A four-rod dipsy diver program off the tip of Long Point produced a personal best Lake Erie rainbow trout and a first ever coho salmon for former Hooked TV host Averie Rose, who released a previously unaired charter trip on her YouTube channel as Lake Erie's spring trolling season warms up.
The trip pairs Rose with childhood friend Allan, who runs charters with his father out of Port Owen as part of Jimmy Rian Fishing Charters. Rose, who hosted the four-season Hooked TV show, said she had not previously had the rights to publish the footage. "I'm super excited to share this one because the trolling season is going to be heating up within the next couple weeks. I know people that are already catching some fish out there trolling. May is a great time to fish for salmon, to fish for rainbows."
The session ran a four-rod dipsy program out the back of Rose's boat, using the legal limit of two rods per angler. "Right now we have four dipsies out — no leadcore, anything else," Allan explained at the start of the session. "We have them on inside divers and outsides running bright spoons like silvers and stuff like that. We're all about 160 at 200 back."
Allan made the case that Long Point's offshore trolling fishery is dramatically underrated. "A lot of people think of Lake Erie out in the deep to be a walleye fishery," he said, "but out here we have lots of rainbows, coho salmon, and chinook salmon, and a few lake trout out here right now."
Speed control proved to be the day's biggest variable. With the wind dropping out, the pair went from running an electric trolling motor downhill at the start of the session to using the main outboard for forward speed and the electric for steering. "In order for us to get good speed and control properly, we are using the big motor now," Rose said. The target was a 2.1 to 2.3 mph trolling band — the speed at which the boat caught most of its fish.
The session produced six fish, with the highlight a rainbow trout that hit at 160 ft back and ran straight to 220 ft before stopping at a knot in the line. "He went out 220 feet and I thought I was going to lose him for a second because he was on the surface, but I got him," Rose said after netting her personal best Lake Erie rainbow. The first coho came on a fresh blue-and-chartreuse Matrix spoon Allan had just dropped down — the bait change paying off almost immediately.
Bait selection rotated all day. Allan kept tweaking spoons, depths, and switching to crankbaits when the bite slowed. "Allan likes to say that the spoons are killer on Lake Erie," Rose noted, "but currently the crankbait is what's going on and what they're eating."

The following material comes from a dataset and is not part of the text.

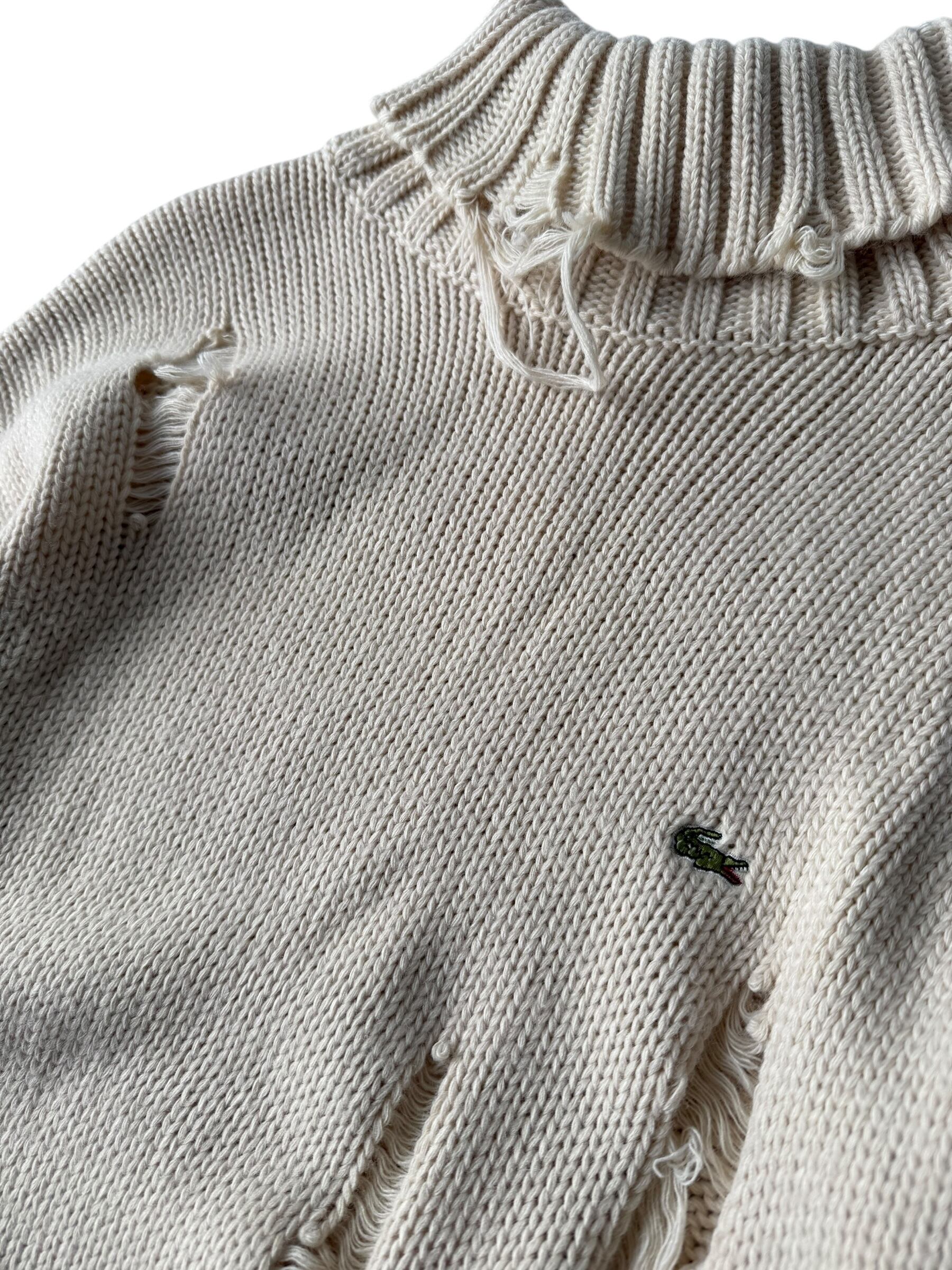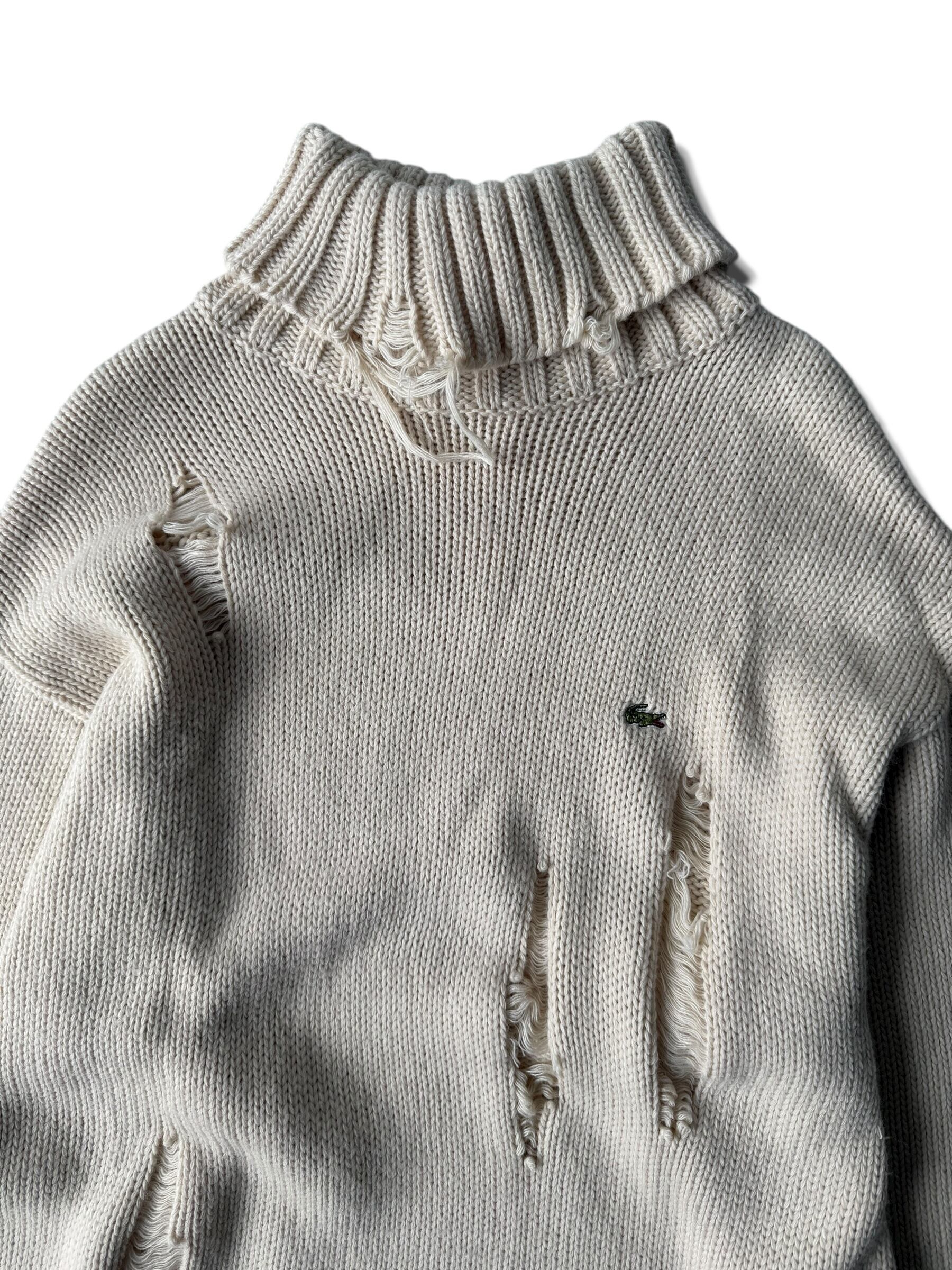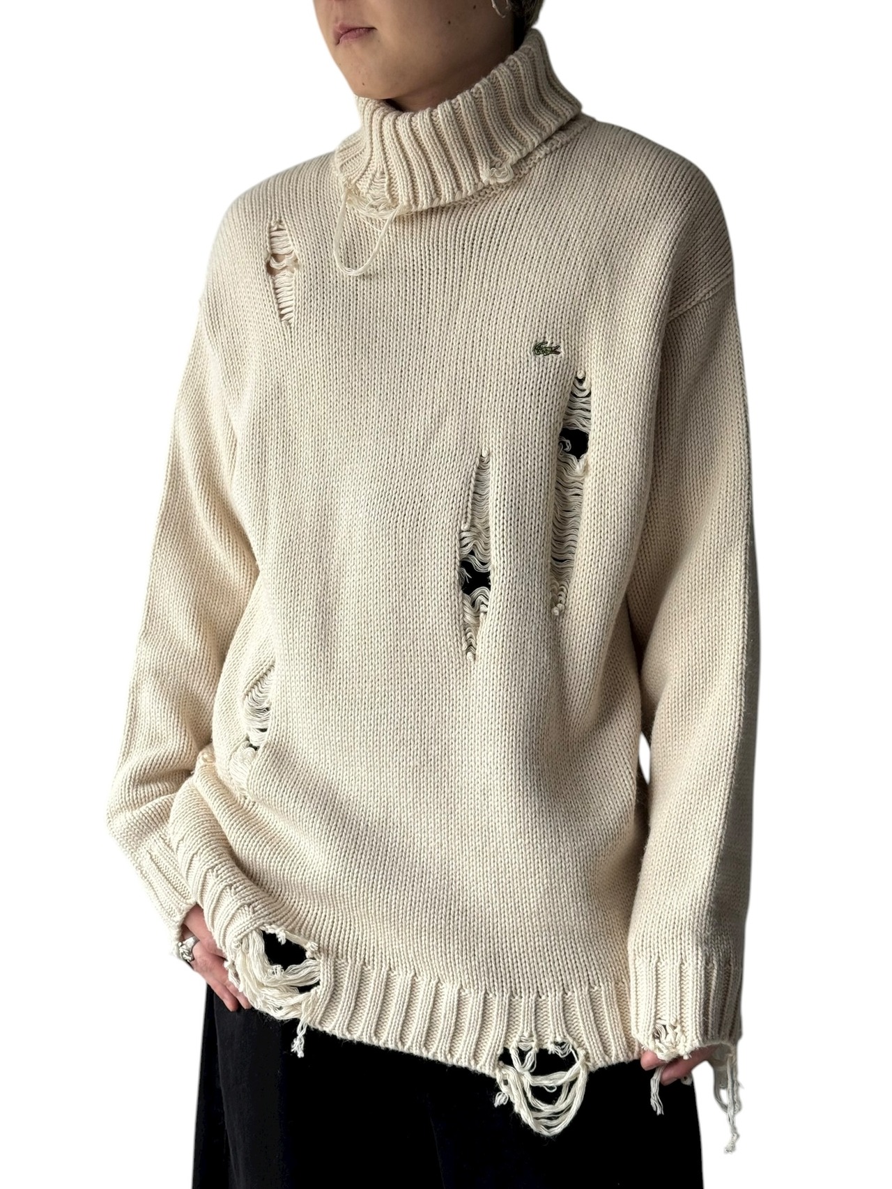 【LACOSTE】 Distressed turtleneck knit sweater "MADE IN SPAIN"

Rose's takeaway for anglers heading out for the May trolling window: keep moving, keep tweaking, and trust the dipsy diver release. "On dipsies, you kind of want to let them down with your drag," Allan said, demonstrating how to ease the spoon back without the bail flipping the hooks ahead of the puck and tangling. The chaos of the day's coho — a salmon that span at the net and shredded the rigging — also produced his most practical tip: "When we got big messes like this, it's better to cut it off and restart. All the line, the hooks, that's pretty much garbage."
Rose closed the session with three rainbows, one coho and two more fish in the box, and a note that she will be back trolling Long Point as soon as her university exams wrap.